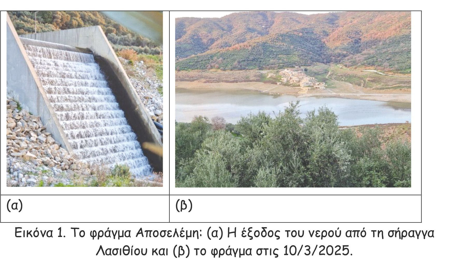 Δυστυχώς, το φράγμα Αποσελέμη δεν εμπνέει αισιοδοξία για την αποτελεσματικότητά του, αν συνεχίσουν περισσότερα ξηρικά υδρολογικά χρόνια, όπως τα τρία τελευταία. Η παροχή νερού από την σήραγγα του οροπεδίου Λασιθίου και η παρούσα κατάσταση του φράγματος σε σχέση με τον οικισμό Σφενδυλίου φαίνονται στην Εικόνα 1. Αυτό το έργο είναι άλλο ένα παράδειγμα κοστοβόρου έργου, που μακροχρόνια κινδυνεύει να μην εξυπηρετεί τις ανάγκες των πολιτών και να απαξιωθεί. Δυστυχώς τέτοια έργα στη χώρα μας τείνουν να είναι ο κανόνας. Αυτό οφείλεται κυρίως στον πλημμελή σχεδιασμό και στα μακρά περίοδο, που μεσολαβεί από τη μελέτη μέχρι την κατασκευή. Έτσι, συχνά δεν λαμβάνεται υπ’ όψη η πρόοδος στην παραγωγή νέας γνώσης και τεχνογνωσίας, που εν τω μεταξύ έχει παραχθεί, ώστε να κατασκευάζονται έργα σύγχρονα και κυρίως αποτελεσματικά. Σήμερα, π.χ. στο διεθνή επιστημονικό τύπο αναφέρονται εργασίες στο διεθνές περιβάλλον σχετικές με κατασκευαζόμενα φράγματα πολλαπλών χρήσεων.
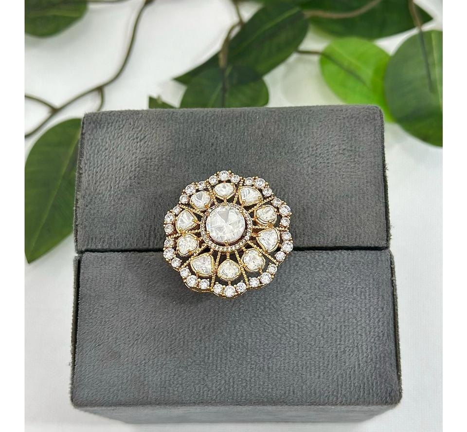 แหวนทองชุบคุณภาพพรีเมียม ดีไซน์หรูหราทันสมัย ประดับเพชรซิคอนและคุนดัน ปรับขนาดได้ เหมาะสำหรับงานแต่งงานและงานปาร์ตี้สำหรับผู้หญิง
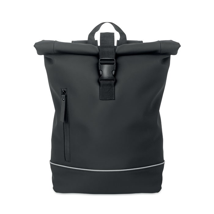 15 inch roll top laptop backpack in soft PU with padded back and base reinforcement with reflective strip. Waterproof zippered front pocket. 210D RPET polyester lining.
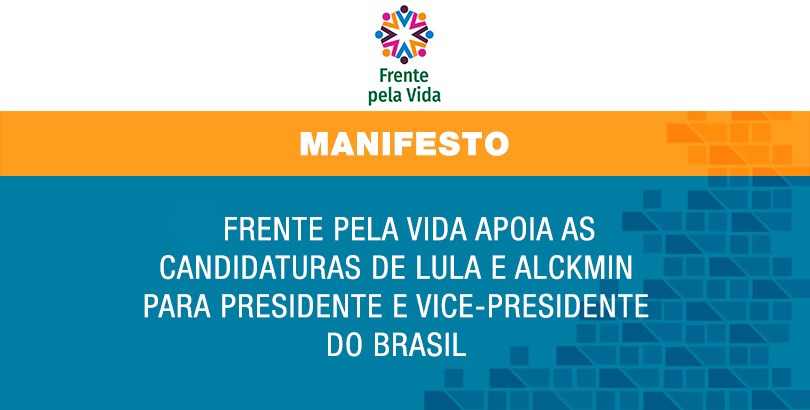 A Frente pela Vida apoia as candidaturas do Lula e Alckmin para presidente e Vice-presidente do Brasil
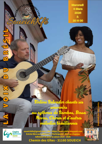 Sirlene Salvador, chant, et Olivier Lob, guitare, au rythme des Sambas, Bossa Nova, Choros, et autres mélodies brésiliennes
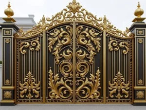 Warna dasar hitam matte membuat detail emasnya terlihat lebih menonjol dan berkelas. Pagar seperti ini cocok untuk fasad rumah mewah yang ingin menonjolkan kesan elegan dan dramatis.
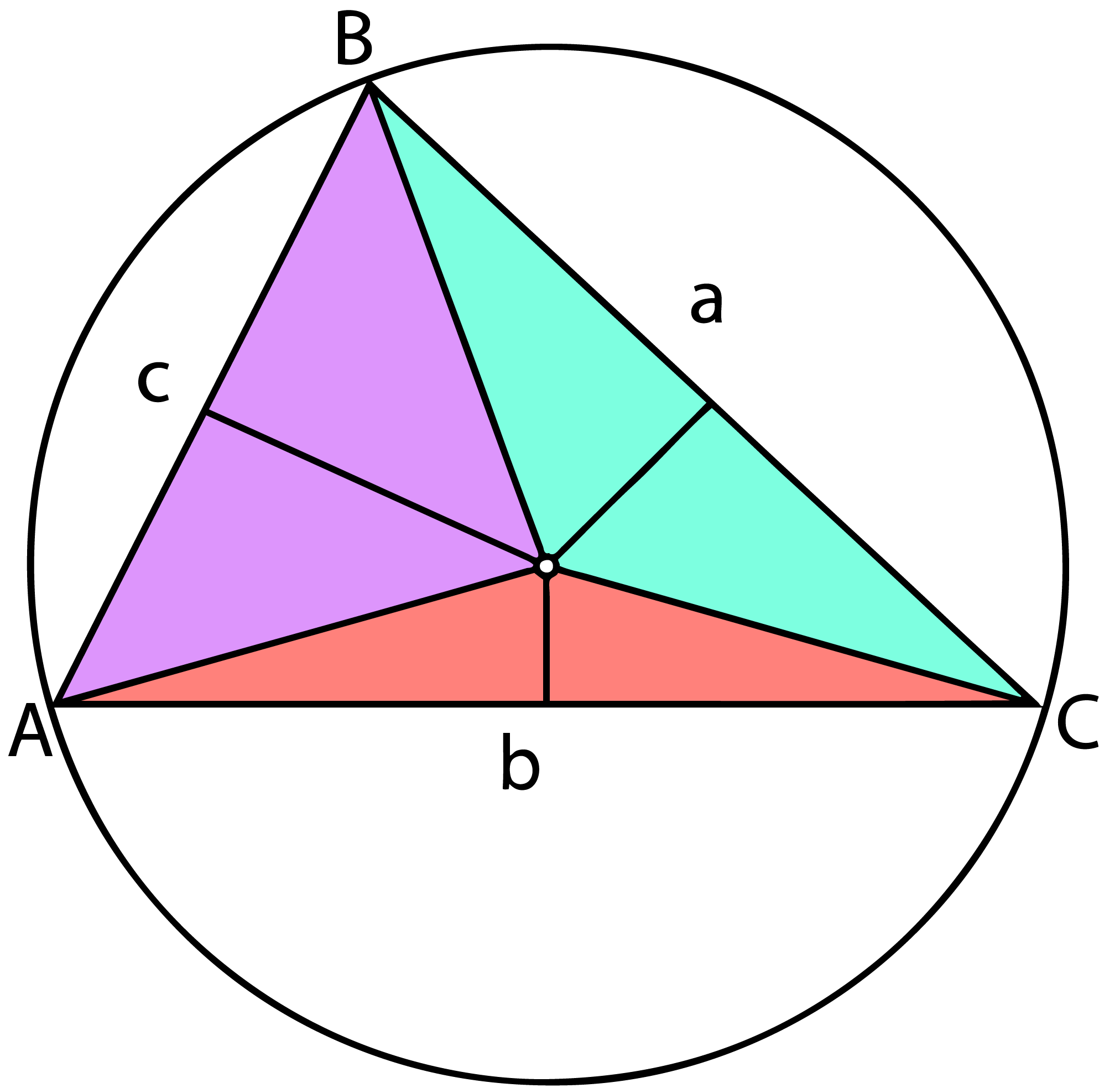 A quality of the barycentric trilinear coordinates of a point in a triangle is that they specify the relative area of inner triangles form by connecting the corners to that point. In our case, the triangles made by connecting the circumcenter to each corner. Here, the aquamarine, red, and purple triangles corresponding to points A, B, and C.

---------------

**Your instructions:** In the material above, which lines fall between the one holding "15 inch roll" and the one holding "A Frente pela", inclusive? Print exactly those, with the pictures left out.

**Exercise response:**
 15 inch roll top laptop backpack in soft PU with padded back and base reinforcement with reflective strip. Waterproof zippered front pocket. 210D RPET polyester lining.
 A Frente pela Vida apoia as candidaturas do Lula e Alckmin para presidente e Vice-presidente do Brasil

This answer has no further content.